Michael Norton and Dan Ariely, by producing the graph below, have provided an interesting addition to the growing discussion of income inequality in the US.
The two columns on the left come from representative national samples of the American public.
The one on the far left shows the wealth distribution their respondents said would be ideal. In other words, in an idealized version of America, the public thought that the wealthiest 20% of the population (the purple bar) should control about 32% of the total wealth, the second and third quintiles (the blue and green bars) should control slightly more than than their proportionate 'share' (about 22% for each), while the poorest 40% of the population (the yellow and red bars) should control substantially less of the total wealth. In short, the American public embraces the concept of inequality of wealth, but not extreme wealth inequality.
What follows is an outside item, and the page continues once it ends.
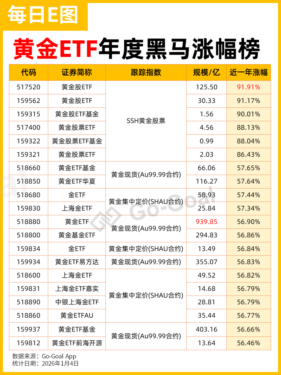 长期持有黄金类ETF的优势: 来源:市场资讯 (来源:ETF万亿指数) 地缘政治的紧张、美联储的降息预期、各国央行的持续增持,让金银价格全年飙升 黄金市场里许多投资者,金价上涨心跳加速冲进场,待到金价回调又开始手心冒汗"是不是见顶了"。 从整体看,黄金的核心属性——长期保值与风险对冲 黄金类ETF完美继承了黄金的这些长期属性,因此更适合作为长期资产配置的工具 平滑短期波动,捕捉长期趋势 为何说短线挑战大? 并附上了近一年的涨幅与近三个月资金流入情况 每日尾客 黄金ETF年度黑马涨幅榜 | 代码 | 证券间称 | | 规模/亿 | | | --- | --- | --- | --- | --- | | 517520 | 黄金股ETF | SSH黄金股票 | 125.50 | 91.91% | | 159562 | 黄金股ETF | | 30.33 | 91.17% | | 159315 | 黄金股ETF基金 | | 1.56 | 90.01% | | 517400 | 黄金股票ETF | | 4.56 | 88.13% | | 159322 | 黄金股票ETF基金 | | 0.99 | 88.04% | | 1 ...

The middle column captures American perceptions of how wealth is currently distributed. Clearly, Americans perceive the country as being more unequal than their 'ideal' distribution. They perceive the wealthiest 20% as having substantially more than ideal, the second 20% as having close to their ideal share and the bottom 60% having substantially less than ideal.
The column on the right shows the actual distribution of wealth in the United States, which is substantially more unequal than the perception. In sum, "respondents to his surveys universally think that wealth is more evenly
distributed in the United States than it actually is—and what’s more,
respondents say they would prefer for the wealth to be still more evenly spread around."